Georgia election official shoots down Trump's election conspiracy theories
(CNN) -- A top Georgia election official said Monday that "everybody's vote did count" in the state's November elections as he shot down a list of voter fraud conspiracy theories President Donald Trump aired in a call with Georgia Secretary of State Brad Raffensperger this weekend.
"The reason I'm having to stand here today is because there are people in positions of authority and respect who have said their votes didn't count, and it's not true," said Gabriel Sterling, the voting systems implementation manager for the Georgia Secretary of State's office, during a news conference.
In audio first reported by The Washington Post and obtained by CNN, Trump is heard pressuring Raffensperger, who is also a Republican, to "find" votes to overturn the election in Georgia, which he lost to President-elect Joe Biden. Raffensperger rebuffed Trump's demand.
In excerpts of the stunning one-hour phone call Saturday, Trump lambasted his fellow Republican for refusing to falsely say that he won the election in Georgia and repeatedly touted baseless claims of election fraud.
"The people of Georgia are angry, the people of the country are angry. And there's nothing wrong with saying that, you know, um, that you've recalculated," Trump said in one part of the call. Raffensperger responded, "Well, Mr. President, the challenge that you have is, the data you have is wrong."
In another part, Trump said: "So look, all I want to do is this, I just want to find 11,780 votes, which is one more than we have. Because we won the state."
Sterling said Monday that the President's voter fraud claims are "all easily, provably false" as he ran through some of the conspiracy theories that Trump floated on his call with Raffensperger.
Addressing Trump's claim that ballots had been shredded, Sterling said flatly: "There is no shredding of ballots going on. That's not real. It's not happening."
Turning to Trump's questions out Dominion voting machines being nefariously removed, Sterling asserted: "No one is changing parts or pieces out of Dominion voting machines. I don't even know what that means."
"It's not a real thing. That's not happening," he said.
As he sought to emphasize the unfounded nature of Trump's claims, Sterling lamented the way the President's message could still undermine Georgia residents' faith in the state's election system ahead of Tuesday's critical US Senate runoffs.
If either of the incumbent Republicans -- Sens. Kelly Loeffler and David Perdue -- holds on to their seat, the party will maintain its majority control in the chamber.

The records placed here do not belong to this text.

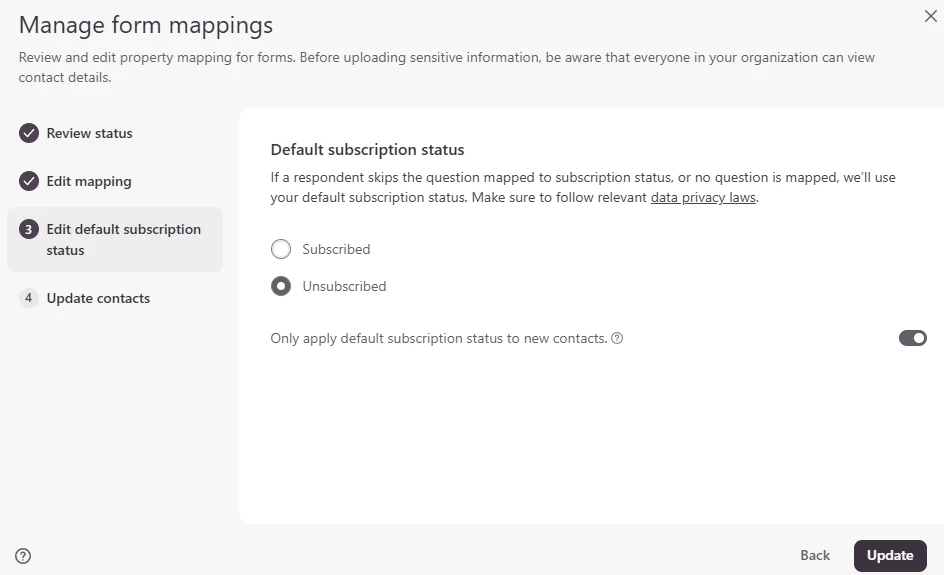 The next step, after you hit the Update button in the bottom right corner, is to review/edit the default subscription status. I highly recommend that you set up your default to Unsubscribed and apply that default to new contacts to the list. This will be the setting if they have not completed a form that you have mapped to the subscription status property.
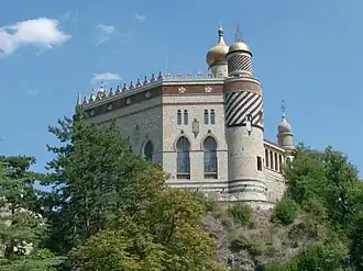 Before choosing Savignano for its castle, it seems that Cesare Mattei had visited several places. The place was preferred for many reasons: the ease of access, the rock forming a gigantic natural pedestal, and the location on the confluence of the rivers Limentra orientale and Reno. The predominant style of the building is Moorish, with additional medieval and modern Italian architecture.
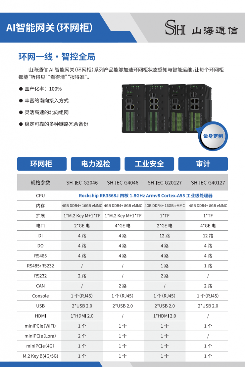 山海通信 AI智能網(wǎng)關(guān)(環(huán)網(wǎng)柜)系列產(chǎn)品能夠加速環(huán)網(wǎng)柜狀態(tài)感知與智能運維,讓每個環(huán)網(wǎng)柜都能“聽得見”“看得清”“報得準(zhǔn)”。

If Democratic challengers Jon Ossoff and the Rev. Raphael Warnock both prevail, however, Democrats would gain control of the Senate thanks to Vice President-elect Kamala Harris' tie-breaking vote.
"If you're a Georgia voter, if you want your values reflected by your election officials, I strongly beg and encourage you, go vote tomorrow. Do not let anybody discourage you. Do not self-suppress your own vote. Do not make a self-fulfilling prophecy out of doing this. Don't let anybody steal your vote that way," Sterling said.
"And that's what's happening. If you self-suppress, you are taking away your important voice from this election."
Georgia recertified its presidential election results in December following three counts of ballots that yielded no evidence of the widespread voter fraud Trump and his allies have claimed.
Despite this, the President has launched an extraordinary effort to change the results of the race in Georgia and other key battleground states that Biden won. The futile bid has garnered support from a number of congressional Republicans, who plan to challenge electoral votes when Congress is expected to certify Biden's victory on Wednesday.
None of the challenges, though, will change the fact that Biden will be the next president of the United States, and multiple courts have thrown out challenges to the election.
"At the end of the day, we want to make sure people understand their votes count," Sterling said Monday. "Every person, every voice matters."
This story has been updated with more from the news conference.